**What to produce:**
Repeat the records below verbatim and include no pictures.
--- Task inputs Enclosed Below ---
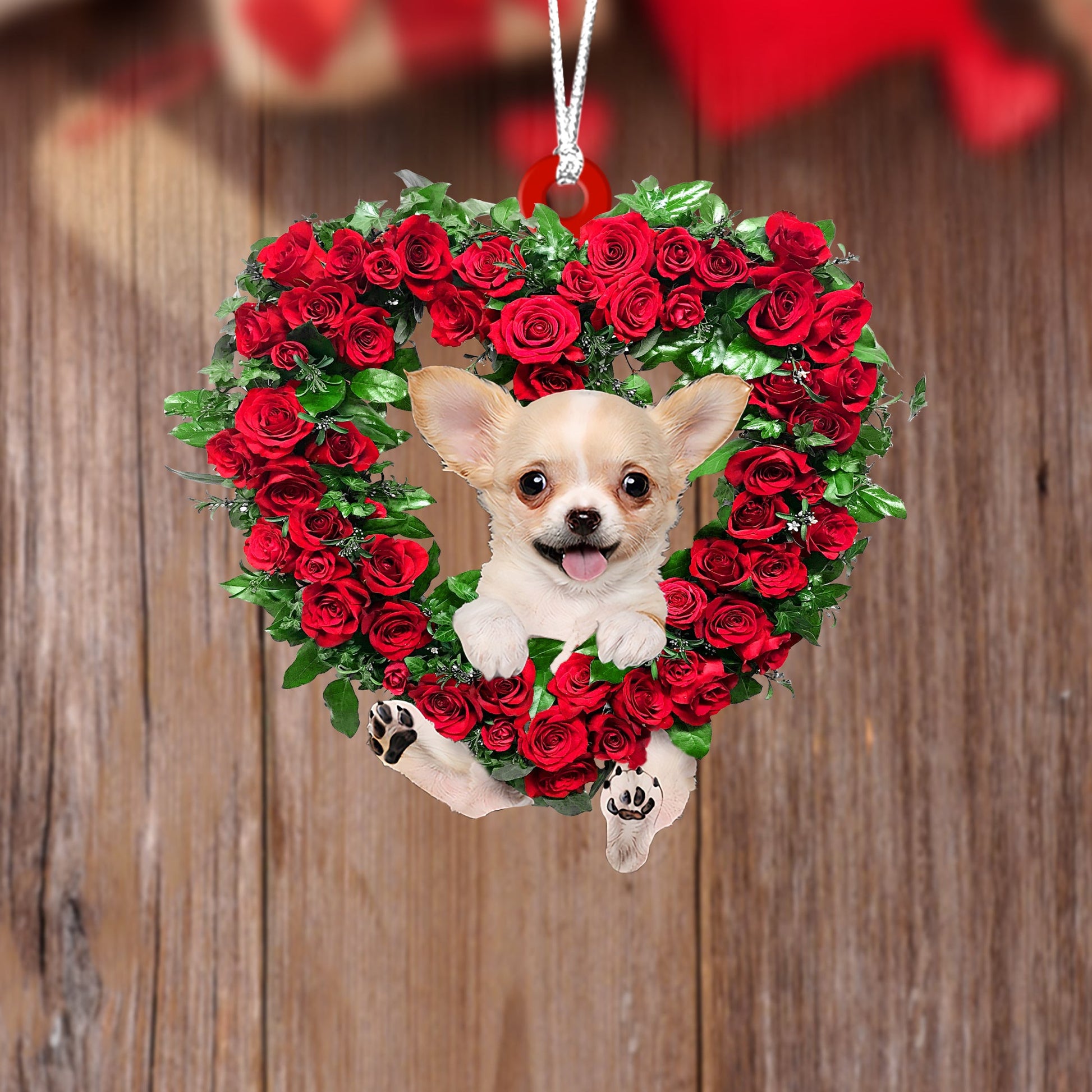 Wreath Chihuahua-Croí Dhá thaobh Ornáid Crochta Plaisteacha Nollag, Ornáid Nollag Shona, Bronntanas Nollag, Maisiú Nollag
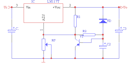 CW117还可以用于软启动电源电路,如下图所示。刚接通输入电源时,C2上无电压,VT导通将RP短路,稳压电源输出电压Uo=1.2V。随着C2的充电,VT逐步退出导通状态,Uo逐步上升,直至C2充电结束,VT截止,Uo达最大值。启动时间的长短由R1、R2和C2决定。VD为C2提供放电通路。
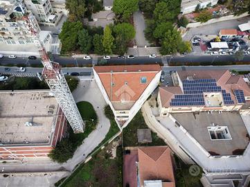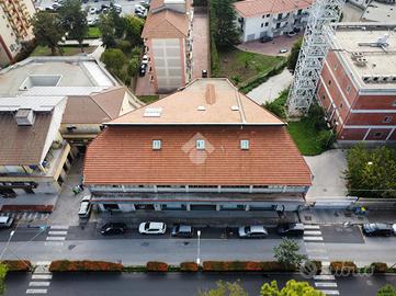 Lo stabile è composta da un locale commerciale Cat. D/8 al piano terra di 470mq con annesso ufficio al piano primo; un locale al piano terra Cat. C/1con locale deposito al piano primo di mq 46, un locale Cat. C/1 al piano secondo di mq 483 e un locale al piano terzo mansardato Cat. C/2 di 345mq.
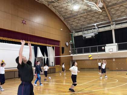 午後からは女子バレー部が練習をがんばっていました。一年生も加わり、練習の雰囲気も一段とよくなっています。
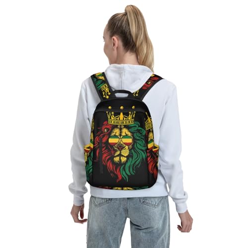 Men Women Bookbag Reggae king Rasta Flag Lion Black Laptop & Tablet Backpack for Travel, & Work 7
--- End of Enclosed Task inputs ---
**Expected output:**
 Wreath Chihuahua-Croí Dhá thaobh Ornáid Crochta Plaisteacha Nollag, Ornáid Nollag Shona, Bronntanas Nollag, Maisiú Nollag
 CW117还可以用于软启动电源电路,如下图所示。刚接通输入电源时,C2上无电压,VT导通将RP短路,稳压电源输出电压Uo=1.2V。随着C2的充电,VT逐步退出导通状态,Uo逐步上升,直至C2充电结束,VT截止,Uo达最大值。启动时间的长短由R1、R2和C2决定。VD为C2提供放电通路。
 Lo stabile è composta da un locale commerciale Cat. D/8 al piano terra di 470mq con annesso ufficio al piano primo; un locale al piano terra Cat. C/1con locale deposito al piano primo di mq 46, un locale Cat. C/1 al piano secondo di mq 483 e un locale al piano terzo mansardato Cat. C/2 di 345mq.
 午後からは女子バレー部が練習をがんばっていました。一年生も加わり、練習の雰囲気も一段とよくなっています。
 Men Women Bookbag Reggae king Rasta Flag Lion Black Laptop & Tablet Backpack for Travel, & Work 7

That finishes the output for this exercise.